#### What the task requires
With the pictures set aside, write out all of the data exactly as it stands.

#### Data provided

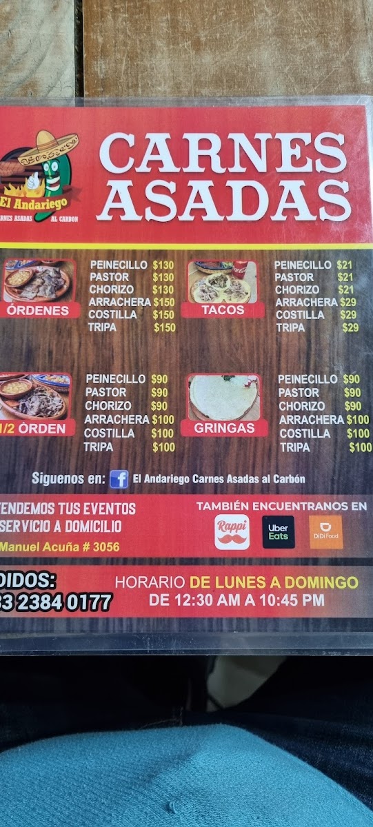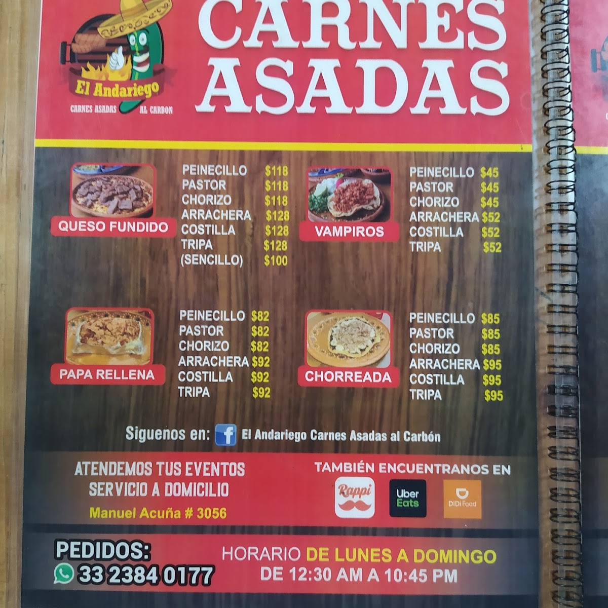 Welcome to Carnes Asadas El Andariego Suc. Country, a hidden gem located in Guadalajara, Mexico. This vibrant eatery specializes in mouthwatering tacos and hearty meat dishes, offering a menu that honors traditional Mexican flavors. From the delectable Taco Gringo featuring soft flour tortillas, to the handmade Taco de Tripa and Taco de Labio, each item is crafted with care and a passion for quality.
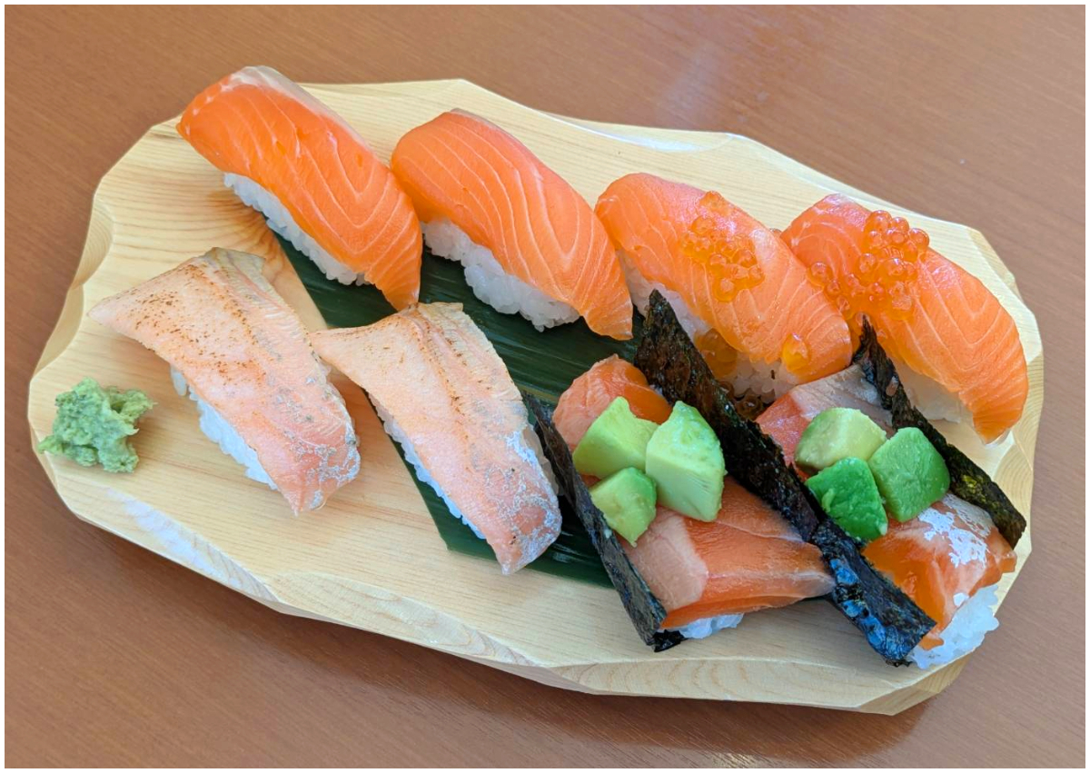 富士山サーモンをお寿司で三つの表情(刺身・炙り・アボカド)で楽しめるランチ限定メニューです。
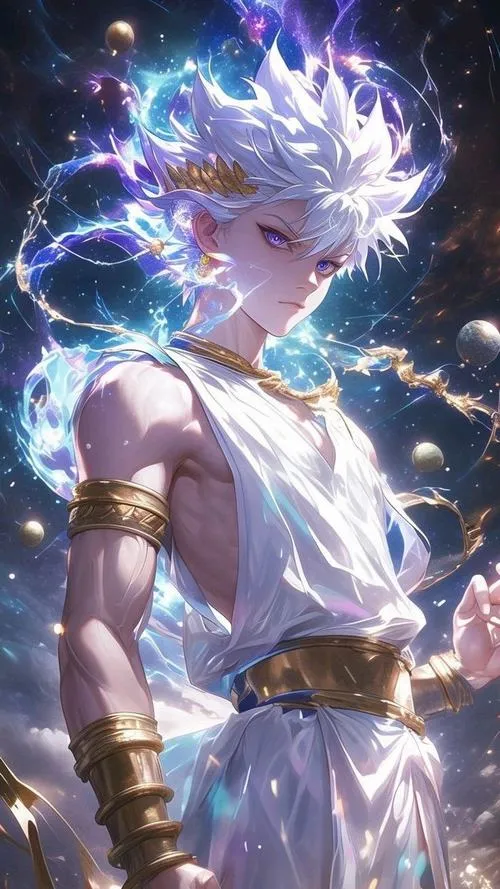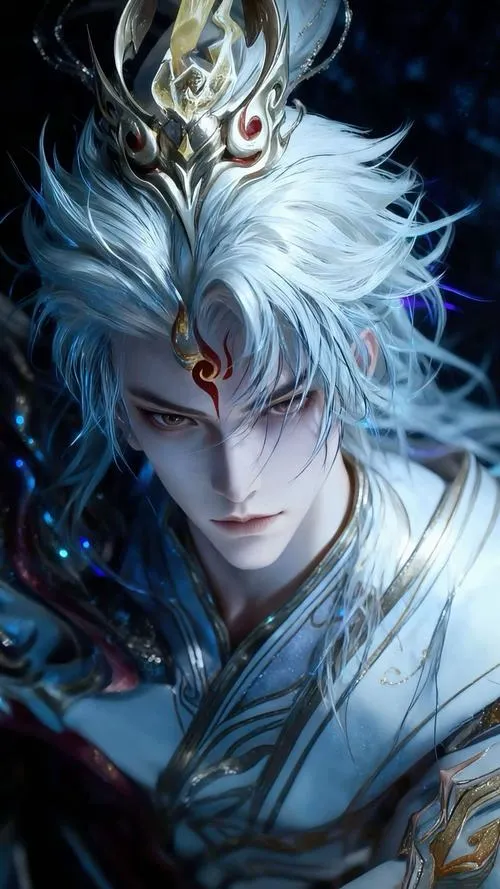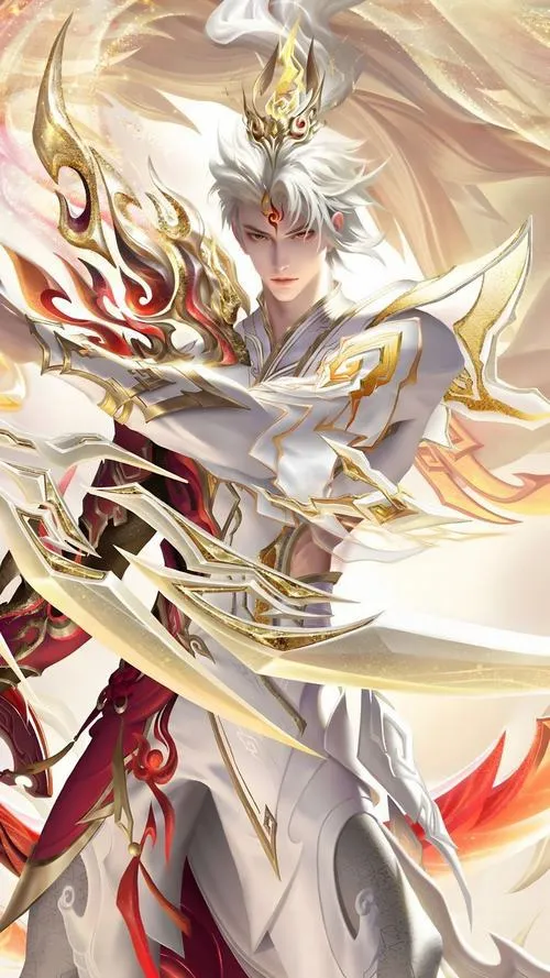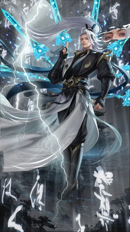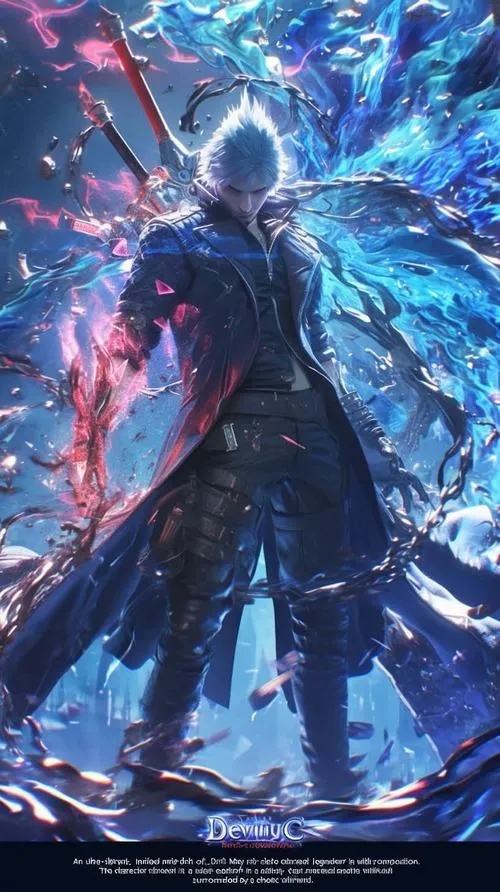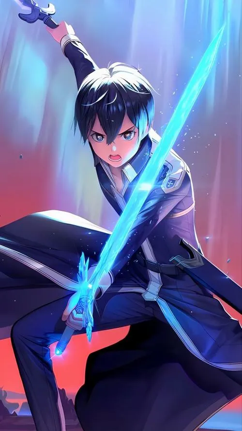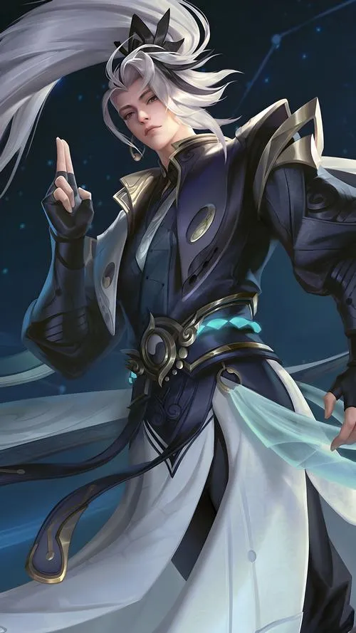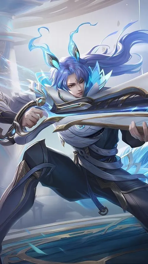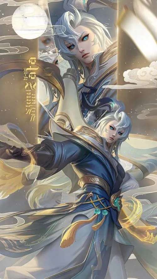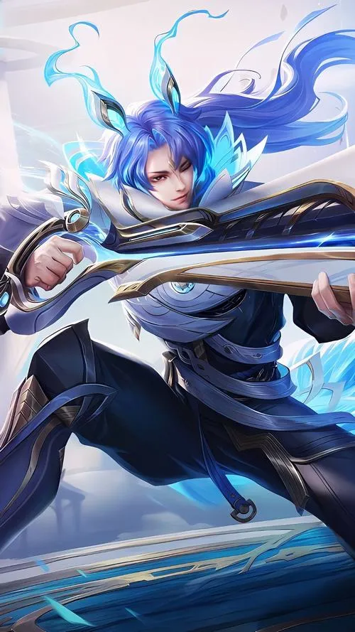 Hình ngầu Bright ánh sáng trắng xanh, nền tối sạch, điểm nhấn ở tóc và kiếm, rất bắt mắt.
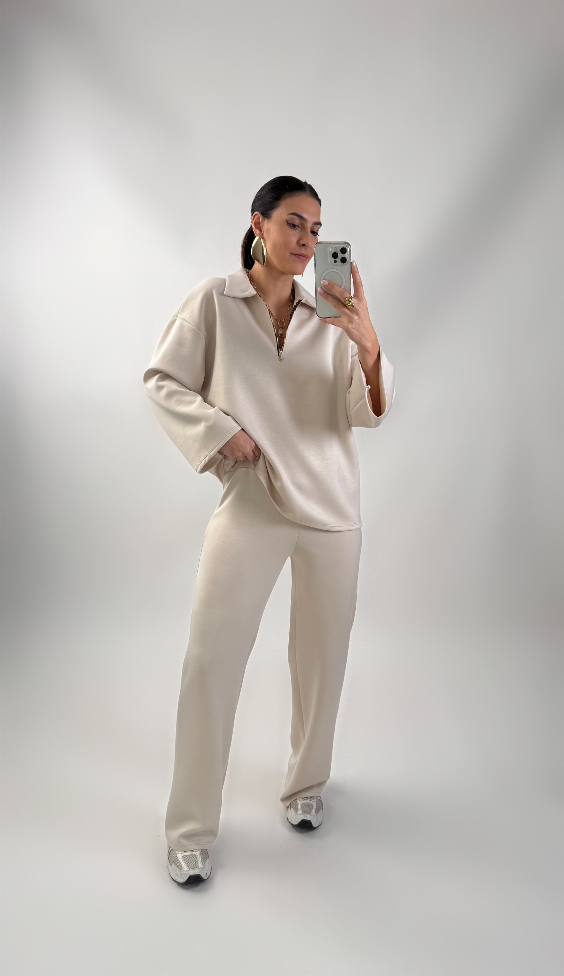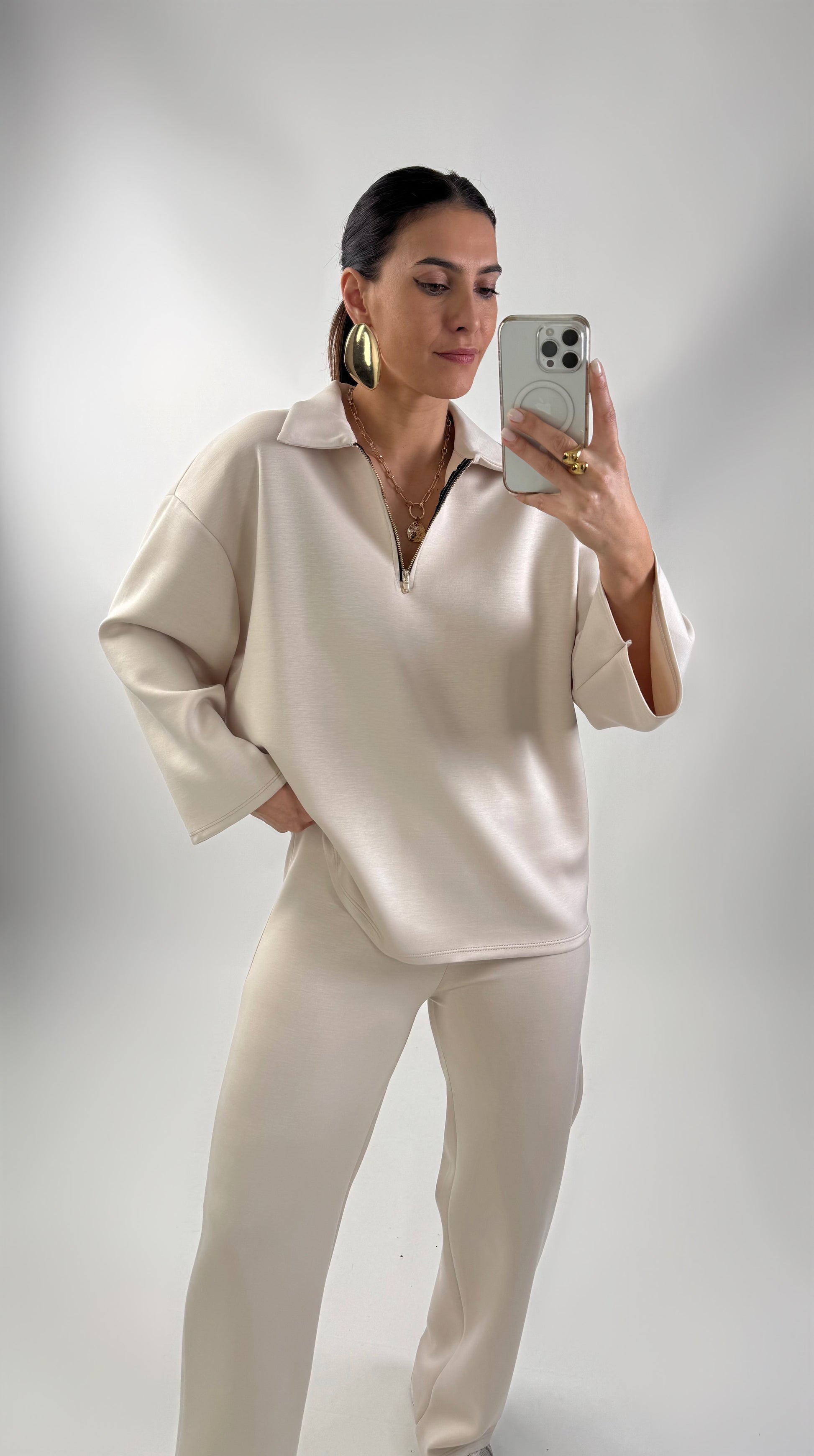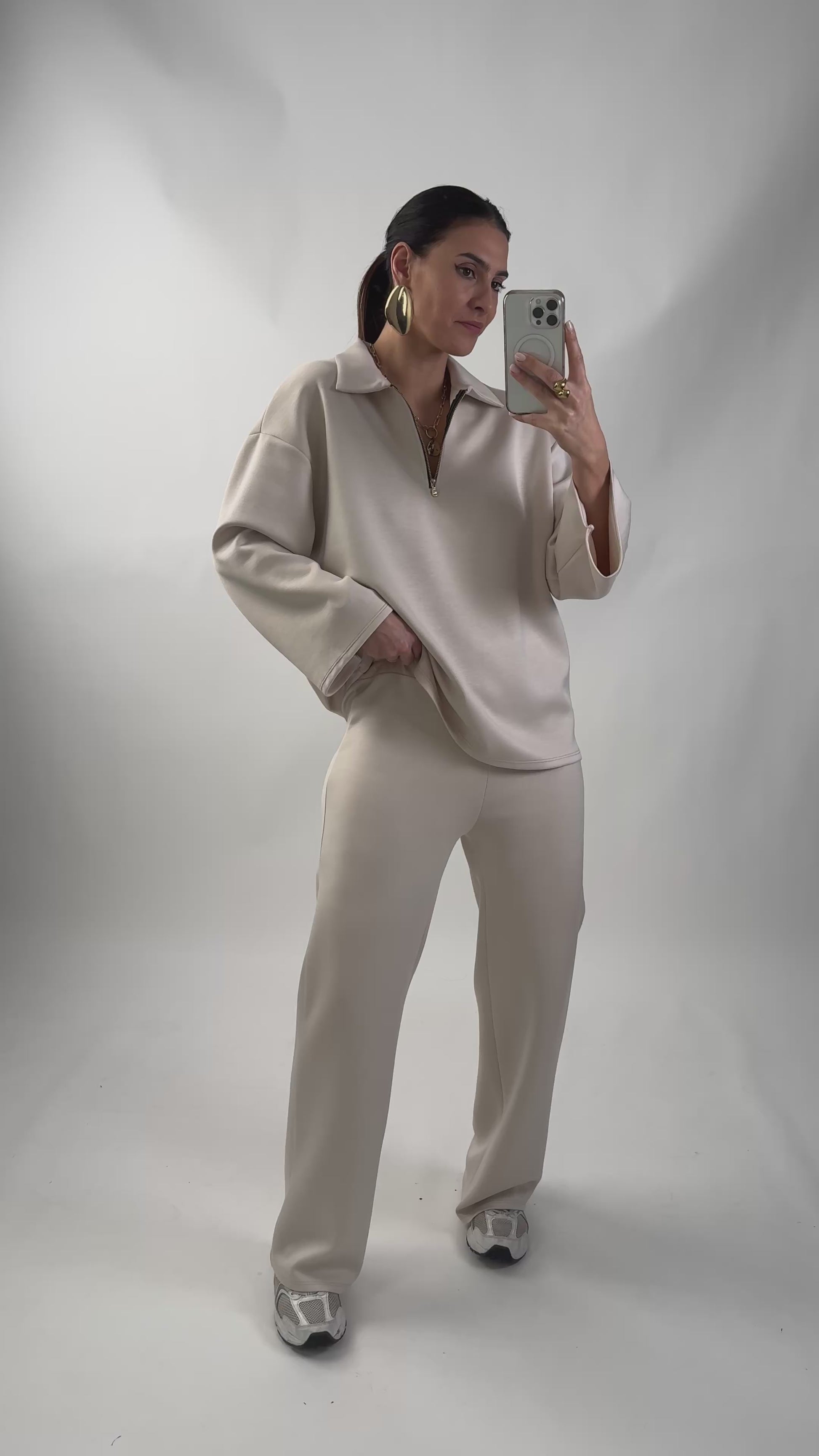 Trainingspak van viscose en polyester met stretch. De stof is heerlijk zacht, de broek heeft een rechte pasvorm en een elastische tailleband. Het shirt heeft een oversized effect en sluit met een rits. De mouwen zijn driekwart, wijd. One size fits all. S naar de L.

#### Result
 Welcome to Carnes Asadas El Andariego Suc. Country, a hidden gem located in Guadalajara, Mexico. This vibrant eatery specializes in mouthwatering tacos and hearty meat dishes, offering a menu that honors traditional Mexican flavors. From the delectable Taco Gringo featuring soft flour tortillas, to the handmade Taco de Tripa and Taco de Labio, each item is crafted with care and a passion for quality.
 富士山サーモンをお寿司で三つの表情(刺身・炙り・アボカド)で楽しめるランチ限定メニューです。
 Hình ngầu Bright ánh sáng trắng xanh, nền tối sạch, điểm nhấn ở tóc và kiếm, rất bắt mắt.
 Trainingspak van viscose en polyester met stretch. De stof is heerlijk zacht, de broek heeft een rechte pasvorm en een elastische tailleband. Het shirt heeft een oversized effect en sluit met een rits. De mouwen zijn driekwart, wijd. One size fits all. S naar de L.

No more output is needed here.